Pre-training is an optional step you can run before onboarding. If you have a collection of labeled historical images — photos where you already know which individual animal is in each image — you can use pre-training to build an identification model for your population before uploading your full dataset.

This means that when your encounters are onboarded, the ML pipeline already has a trained ID model ready to suggest identifications, rather than starting from scratch.
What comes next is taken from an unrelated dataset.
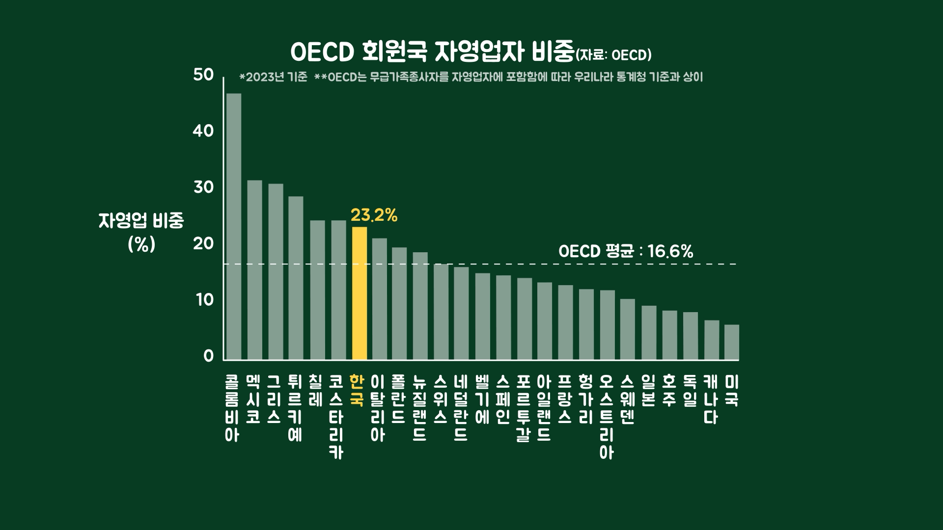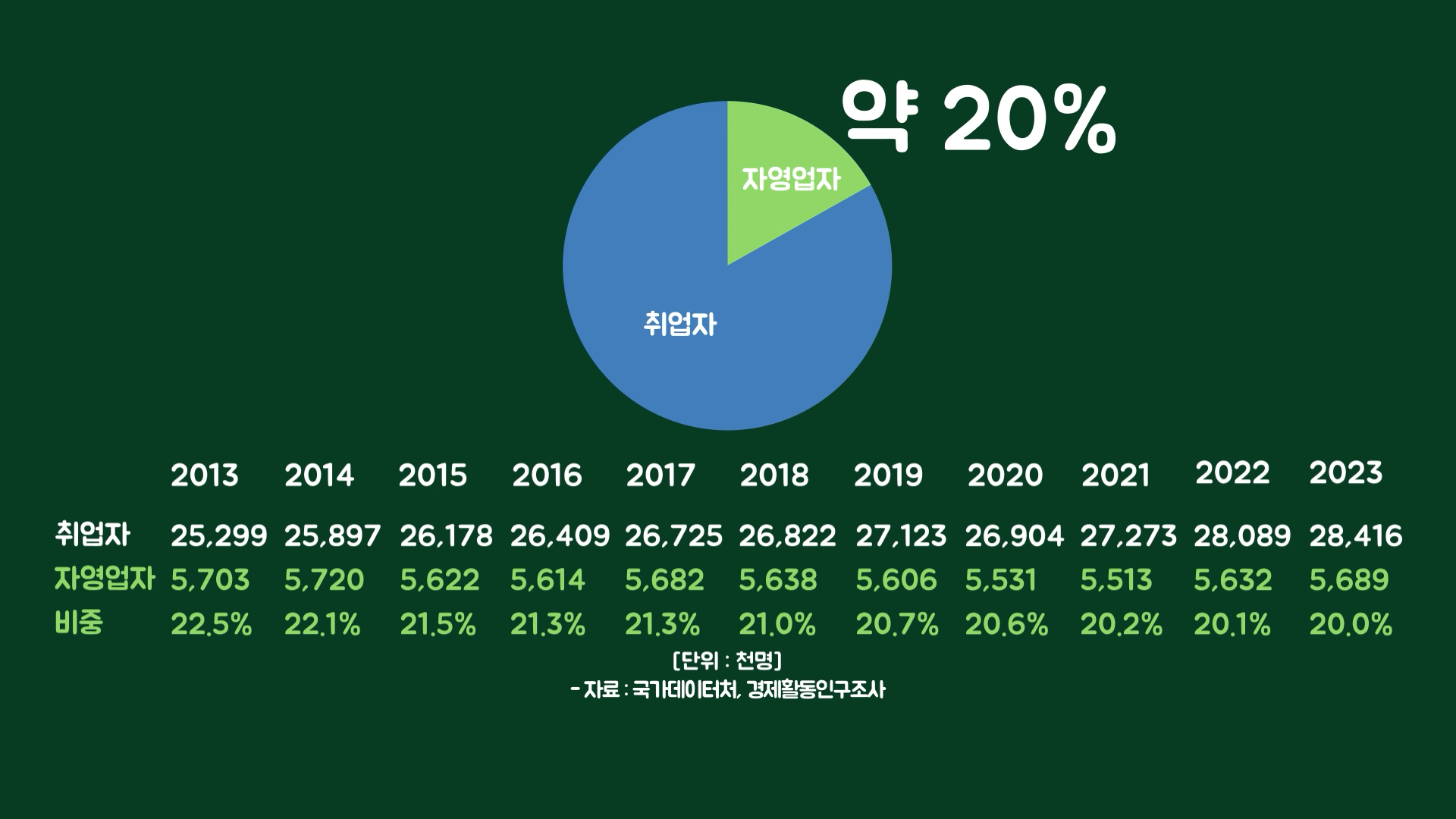 우리나라의 전체 경제활동 인구 중 자영업자의 비중은 약 20% 정도인데, OECD 통계와 비교해 봤을 때 경제 규모 대비 비중이 상당히 높은 편입니다.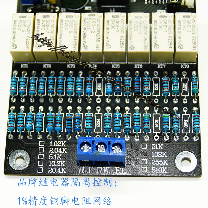 8Two relays(2^8=256)The value of the resistance can be adjusted by changing the isolation on-off。And with

The desktop client uses a local YOLOv8 object detection model to find features of interest (dorsal fins, eye patches, or other markers) in your labeled images. This detection runs entirely on your machine using ONNX Runtime on CPU — no GPU is required, and no images are sent to the server during this step.

For each image, the detector produces zero or more bounding box detections. The client then crops each detection from the original image and pairs it with the individual ID label you provided. These cropped images become the training data that will later be uploaded to finwave’s training pipeline.

Crops are stored locally at ~/.finwave/populations/{population-id}/training-data/.

Not every image produces a clean, unambiguous training sample. The desktop client classifies each image into one of three tiers based on how many detections were found and how confident the detector is:

A single detection is found in the image. Since only one feature of interest is present, it maps directly to the labeled individual ID. These are high-confidence training samples.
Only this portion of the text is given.